Monday 28 September 2015

Great Central Road part 1

The Great Central Road (GCR) is a stretch of approximately 1,200km of dirt road that spans from Yulara, Northern Territory right through to Laverton, Western Australia. The road runs through Indigenous communities and reserves and because of this you must obtain a permit to travel this route. You need two permits, one for Northern Territory land and one for Western Australia.  Permits available online (current in September 2015) from the WA Department of Aboriginal Affairs and Northern Territory CLC 

We left Yulara mid morning after a pack up in the warm sun. As we were driving past Uluru to go out  to start the GCR Matilda requested one last drive around the base of the rock. So we put on John Williamson 'Raining on the rock' as our sound track, and we did a lap, each of us staring out the windows at the enormous landmark and each of us contemplating that we would in fact be back here sooner rather than later. 

As we pulled onto the road to take us out to kata Juta and the start of the GCR we saw the most massive eagle who stared at us and then took flight. Watching him soar high in the sky and into the distance was a memorable and a slightly emotional moment as we pulled away from Uluru and headed to Kata Juta, which is Indigenous for 'Many Heads'. It is a rock formation that is made up of several large structures that do indeed look like 'heads'. 
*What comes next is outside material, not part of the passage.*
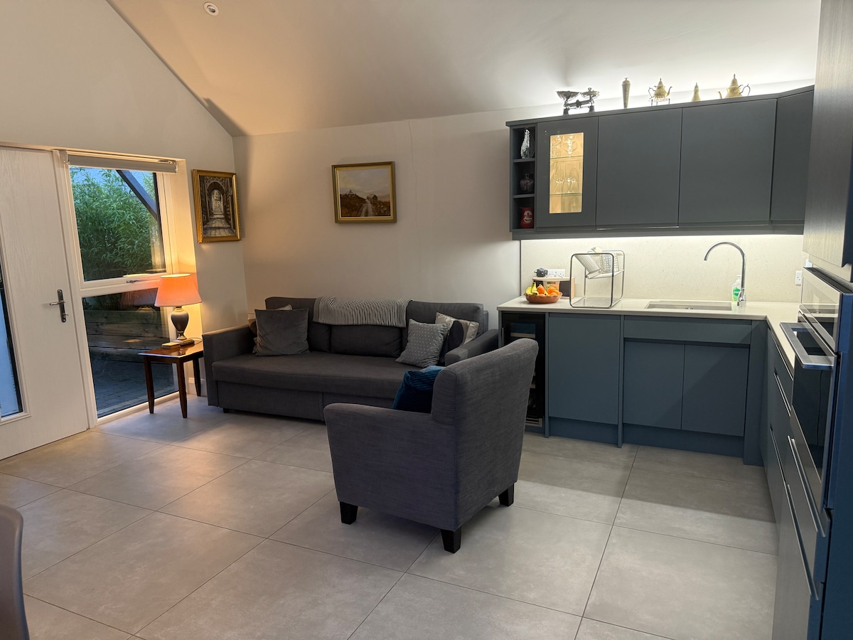 Bright, modern, wheelchair-accessible annex in Bangor West, County Down—ideal for coastal breaks, commuting, or working stays. Open-plan and spacious, with a double bedroom, flexible sofa-bed sleeping, underfloor heating, walk-in shower, utility room, high-speed internet, TVs, and a well-equipped kitchenette. Private patio and shared garden. Minutes from the coastal path, marina, family attractions, and a 10-minute walk to Bangor West station with easy links to Belfast.

The walk to the Kata Juta lookout was easily accessable as it has been made into a board walk. Nevertheless I still had my hiking boots on! 

The little flowers that made a carpet, at kata Juta

We then turned west and onto the Great Central Road

As we turned west at Kata Juta and onto the dirt road I felt a little uneasy. Almost like we 'shouldn't' be on this road. We stopped to let the air down in the tyres and I jumped in the drivers seat to do the first leg of the trip.
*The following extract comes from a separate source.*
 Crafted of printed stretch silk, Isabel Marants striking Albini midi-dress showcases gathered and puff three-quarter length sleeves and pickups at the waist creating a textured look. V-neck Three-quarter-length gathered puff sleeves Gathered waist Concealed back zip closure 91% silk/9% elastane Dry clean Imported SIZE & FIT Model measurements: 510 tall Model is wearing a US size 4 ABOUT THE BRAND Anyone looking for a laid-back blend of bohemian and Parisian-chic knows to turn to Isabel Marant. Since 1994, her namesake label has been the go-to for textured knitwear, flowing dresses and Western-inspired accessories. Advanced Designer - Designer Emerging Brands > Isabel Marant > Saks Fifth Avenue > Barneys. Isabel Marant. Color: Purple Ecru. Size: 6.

The first part of the road

Bored selfies as craig sorts the tyres

And off we went. We hoped to make it to Giles Weather station as our first over nighter as some fellow campers had said they had camped here the night. 
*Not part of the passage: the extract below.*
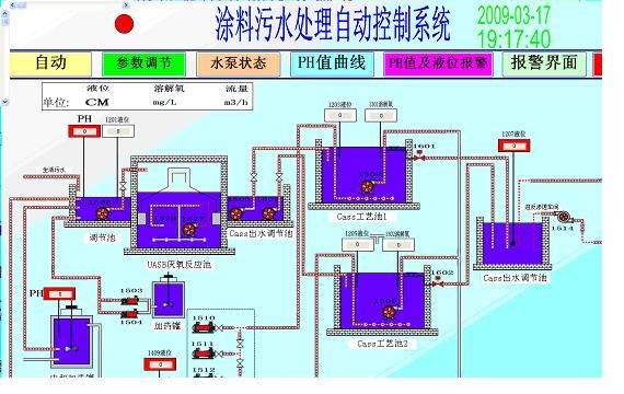 2#攪拌2分為手動和自動兩種,手動時將電控柜上的旋鈕打到“手動”檔上即可手動在電控柜上直接啟動/停止攪拌機,自動時將電控柜上的旋鈕打到“自動”檔上,即可在電腦上操作,電腦上操作時,點擊攪拌機狀圖案就會彈出1#攪拌2操作畫面,可以在電腦上任意啟動/停止2#攪拌2。 12. 1#鼓風機啟動停止方法: 1#鼓風機分為手動和自動兩種,手動時將電控柜上的旋鈕打到“手動”檔上即可手動在電控柜上直接啟動/停止泵,自動時將電控柜上的旋鈕打到“自動”檔上,即可在電腦上操作,電腦上操作時,點擊泵狀圖案就會彈出1#鼓風機操作畫面,可以在電腦上任意啟動/停止1#鼓風機。 13. 2#鼓風機啟動停止方法: 2#鼓風機分為手動和自動兩種,手動時將電控柜上的旋鈕打到“手動”檔上即可手動在電控柜上直接啟動/停止泵,自動時將電控柜上的旋鈕打到“自動”檔上,即可在電腦上操作,電腦上操作時,點擊泵狀圖案就會彈出2#鼓風機操作畫面,可以在電腦上任意啟動/停止2#鼓風機。 14. 硫酸電磁閥及硫酸PH設定: 硫酸電磁閥分為手動和自動兩種,手動時將電控柜上的旋鈕打到“手動’檔上即可手動在電控柜上直接啟動/停止閥,自動時將電控柜上的旋鈕打到“自動”檔上,即可在電腦上操作,電腦上操作時,點擊閥狀圖案就會彈出硫酸電磁閥操作畫面,點擊“手動”時,可以在電腦上任意開/關硫酸電磁閥,但是注意如果要自動運行須先看硫酸PH是否為所要求值,剛點擊“硫酸PH設定”時彈出的最小值和最大值可能都顯示0,等大約5S后就會出現先前設定的值,目前設定值為5—6,如須修改則點擊“硫酸PH設定”即可修改,PH設定之后點擊“自動”即可自動運行 15. 液堿電磁閥及液堿PH設定: 液堿電磁閥分為手動和自動兩種,手動時將電控柜上的旋鈕打到“手動”檔上即可手動在電控柜上直接啟動/停止閥,自動時將電控柜上的旋鈕打到“自動”檔上,即可在電腦上操作,電腦上操作時,點擊閥狀圖案就會彈出液堿電磁閥操作畫面,點擊“手動”時,可以在電腦上任意開/關硫酸電磁閥,但是注意如果要自動運行須先看液堿PH是否為所要求值,剛點擊“液堿PH設定”時彈出的最小值和最大值可能都顯示0,等大約5S后就會出現先前設定的值,目前設定值為7.5—8.5,如須修改則點擊“液堿PH設定”即可修改,PH設定之后點擊“自動”即可自動運行

The first 50 or so kilometres were lovely. Well as lovely as a dirt road can be. I sat on about 80km and we wondered what all the fuss had been about the rough road conditions. Then up ahead we saw a grader. 

Once we passed the freshly graded road and onto the un graded road it started to get rough. Like really rough. I slowed down somewhat and had to keep two hands on the steering wheel, making it hard to get a drink! 

Our first stop on the road was to see Lasseters Cave. In the 1930's Lewis Lasseter headed out this way in search of an illusive 'Gold Reef'. He had first discovered this reef when he was 17 years old and he made the trek back out here several years later to find it again. Unfortunately for him, his camels (with all his tools and supplies) ran away from him. Starving hungry he made his way to this cave and sheltered from the hot sun for 25 days. His diary was found in the cave several years later with a quote saying 'what good is a gold reef I would trade all the gold in the world for a loaf of bread'.

This was the view from the opening of the cave, I took this pic to remind myself that this would have been Lasseters view for 25 days while he sheltered and waited to see his fate. 

Little miss with a screwed up face. At Lasseters cave walk.

 From the cave we drove into Docker River, an Indigenous Community, to fuel up. I would have taken photos but there are signs everywhere requesting no photos be made. So I will have to use words to describe it and you can choose to believe me or not. 

As we pulled into Docker River we could feel the poverty oozing from the pores of the community. Gutted houses sat abandon as gatherings of people had made camp in the front yards instead. The streets were lined with rubbish, soiled nappies, soft drink cans and hot chip boxes. Old car wrecks sat in front yards. There were no gardens, no grass, no trees. A general store sat at the T intersection of the road. parked out front were cars with no windows. More occupants than the seats allowed for. The petrol bowsers were locked in big steel cages. There was no signage on the store. Just bars covering the window to make it look and feel like a prison. 

We pulled in and both agreed our children were not getting out of the car. An Asian lady, an unexpected sight, appeared from the shop and pulled a set of keys from her pocket to open the fuel bowsers. She told us she was working here on her visa for three months. I asked where she lived and she pointed to a small house nearby.

Dark eyes from the parked cars peered at us before looking away so as not to make eye contact. 

As craig disappeared into the store to pay, I pressed the central lock button on the door and waited. I knew I was unwelcome here. I was not wanted. I was a stranger and I was a symbol of another world. A world in which these people wanted nothing to do with. 

Craig emerged from the store and got in the drivers seat. He proceeded to tell me about the sight inside the store. Of a young girl wearing nothing but her underwear, standing behind her mother. A baby sitting on the floor with a jar of nutella, scooping the chocolate spread from the jar with her bare hands. 

The fuel was our most expensive to date $2.50 a litre. 

It was a relief to pull out of Docker River and continue on the road, not far west of Docker River we crossed the boarder and all of a sudden we were back in our home state of Western Australia.